W przypadku ustawienia podwójnej długości fali światło substancji zakłócających na ogół ma rozpraszanie światła i niespecyficzną absorpcję światła, dlatego konieczne jest ustawienie głównej długości fali i pod-długości fali, a główna długość fali jest charakterystycznym szczytem absorpcji badana substancja. Zasada ustawiania pod-długości fali polega na tym, że absorpcja substancji zakłócających przy głównej długości fali jest jak najbardziej zbliżona do absorpcji pod-długości fali. Ten sam szczyt absorpcji, dzięki czemu może wyeliminować interferencję hemoglobiny. Dlatego im bliżej pierwotnej i wtórnej długości fali elementu zakłócającego, tym lepiej.
Wymagania dotyczące pomiarów
1. Próbka: surowica, mocz, płyn mózgowo-rdzeniowy itp.

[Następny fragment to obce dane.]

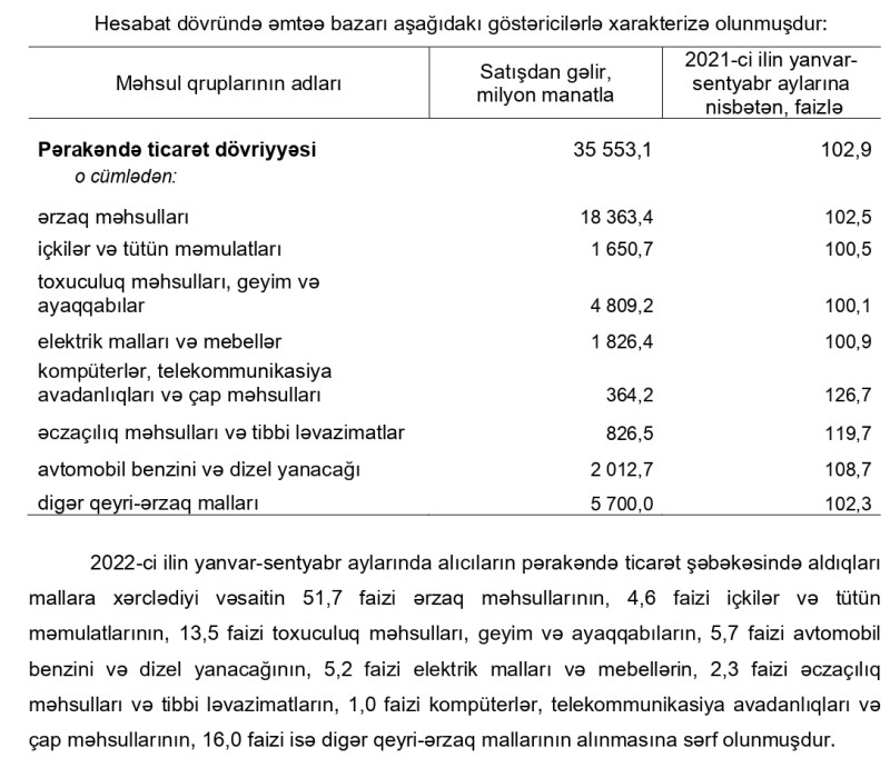 2022-ci ilin yanvar-sentyabr aylarında alıcıların pərakəndə ticarət şəbəkəsində aldıqları mallara xərclədiyi vəsaitin 51,7 faizi ərzaq məhsullarının, 4,6 faizi içkilər və tütün məmulatlarının, 13,5 faizi toxuculuq məhsulları, geyim və ayaqqabıların, 5,7 faizi avtomobil benzini və dizel yanacağının, 5,2 faizi elektrik malları və mebellərin, 2,3 faizi əczaçılıq məhsulları və tibbi ləvazimatların, 1,0 faizi kompüterlər, telekommunikasiya avadanlıqları və çap məhsullarının, 16,0 faizi isə digər qeyri-ərzaq mallarının alınmasına sərf olunmuşdur.
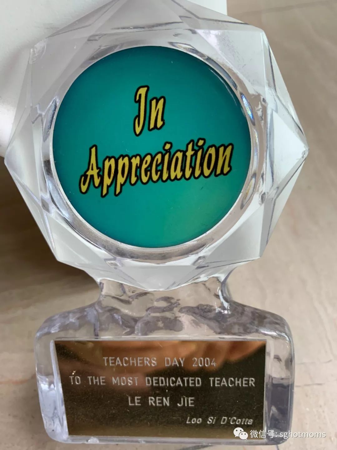 公教中学颁发给Vivien最有奉献精神老师奖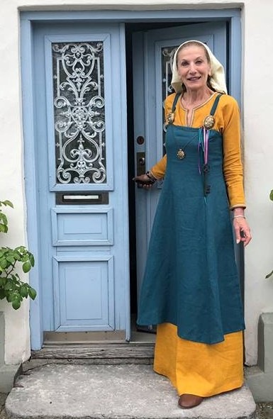 Author Octavia Randolph has contracted with me to make her a series of different gowns, some depicting the time era that her wonderful historical fiction novels represent! Here is Octavia, standing in the doorway of her 200 year old house on the Swedish island of Gotland. She is wearing the ensemble that I created long-distance for her. Check her out here: www.Octavia.net Her first book 'The Circle of Ceridwen' can be downloaded for free if you sign up on her mailing list. Scroll down on her site and you will find the offer.

2. Odczynniki: pojedynczy odczynnik, podwójny odczynnik
3. Podwójna długość fali: dwie długości fal składające się z głównej długości fali i podfalowej długości. Można wyeliminować zakłócenia w procesie wykrywania.
4. Kalibrator (standard): Porównaj stężenie nieznanych próbek
5. Materiał do kontroli jakości: używany do monitorowania stanu instrumentów, odczynników itp. w codziennej pracy aparatu biochemicznego.
metoda
1. Metoda punktu końcowego (endessay) jest całkowicie przekształcana w produkty, a reakcja nie jest już prowadzona w celu osiągnięcia punktu końcowego, a absorbancja punktu końcowego reakcji jest brana do obliczenia stężenia badanej substancji. W testach biochemicznych, z wyjątkiem enzymów, BUN i CRE, do wykrywania stosuje się metody punktu końcowego.

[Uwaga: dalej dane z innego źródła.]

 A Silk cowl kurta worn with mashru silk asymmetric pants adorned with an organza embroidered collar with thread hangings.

1). Metoda jednopunktowego punktu końcowego: weź absorbancję punktu, w którym reakcja osiąga punkt końcowy, aby obliczyć wynik.

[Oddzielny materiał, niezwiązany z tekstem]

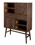 Stylowa komoda z litego drewna akacjowego, inspirowana stylem vintage i boho. Wykończona w ciemnobrązowym kolorze, z metalowymi uchwytami i intarsją na drzwiach. Posiada 2 szuflady i 4 półki.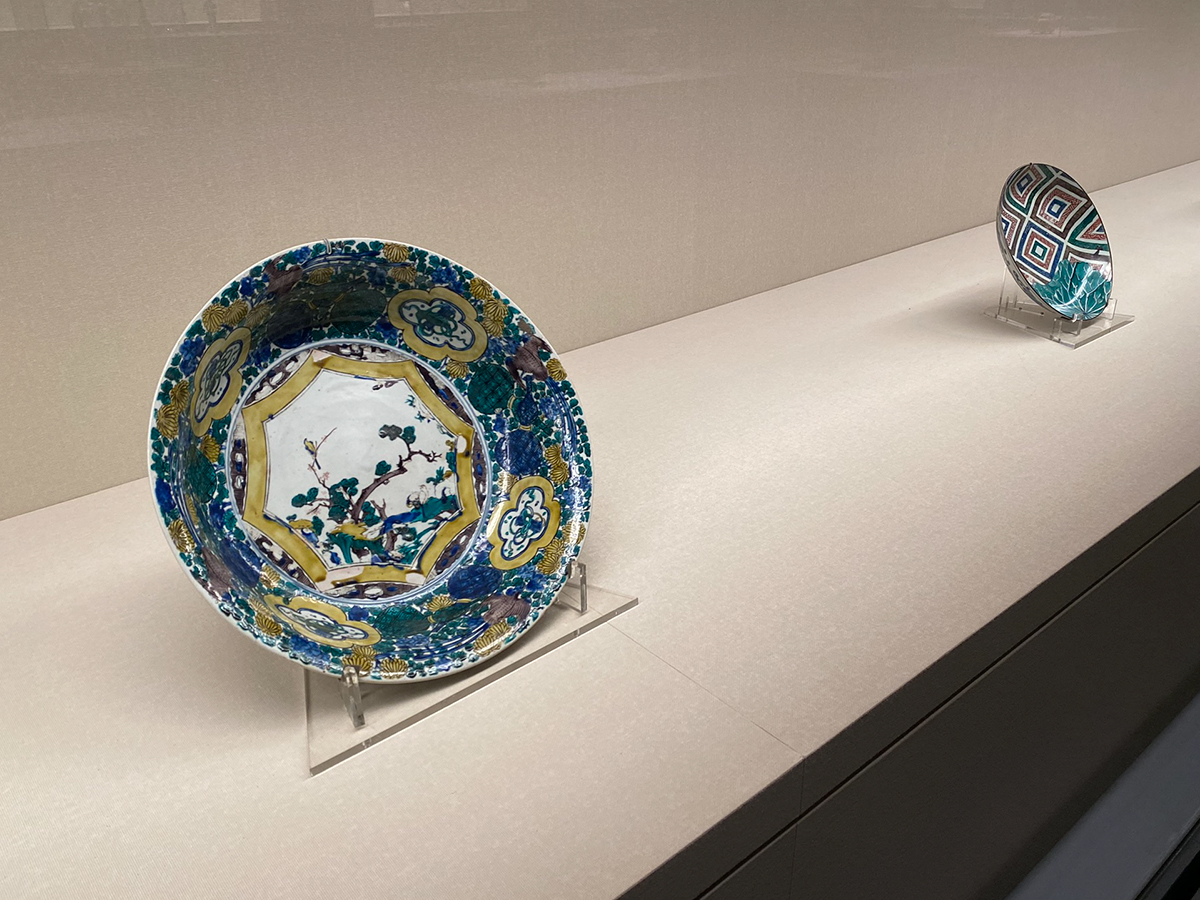 (左から)《色絵花鳥文大皿》古九谷 江戸時代前期 / 《色絵蓮葉に菱文大皿》古九谷 江戸時代前期

2). Metoda dwupunktowego punktu końcowego: zmierz absorbancję jednego punktu przed rozpoczęciem reakcji, a następnie zmierz absorbancję drugiego punktu, gdy reakcja osiągnie punkt końcowy. Oblicz wynik, odejmując absorbancję w drugim punkcie minus absorbancję w pierwszym punkcie. Stosowany głównie do odejmowania odczynników i ślepych próbek. Gwarancja dokładności wyników. Zwykle używany do podwójnych odczynników.
2. Metoda ustalonego czasu (metoda dwupunktowa): Aby obliczyć wynik, należy wziąć różnicę między dwoma punktami nadal w reakcji. Te dwa punkty nie są ani punktem początkowym, ani końcowym reakcji. Używany głównie do wykrywania niektórych niespecyficznych elementów, takich jak kreatynina.
3. Metoda ciągłego monitorowania (metoda kinetyczna, metoda szybkości): Podczas pomiaru aktywności enzymu lub metabolitów enzymu do obliczenia wyniku w sposób ciągły pobierana jest wartość absorbancji (△; A/min), która zmienia się liniowo na krzywej reakcji. Nazywa się to również reakcją rzędu zerowego, ponieważ różnica absorbancji między punktami wynosi zero w czasie liniowej reakcji.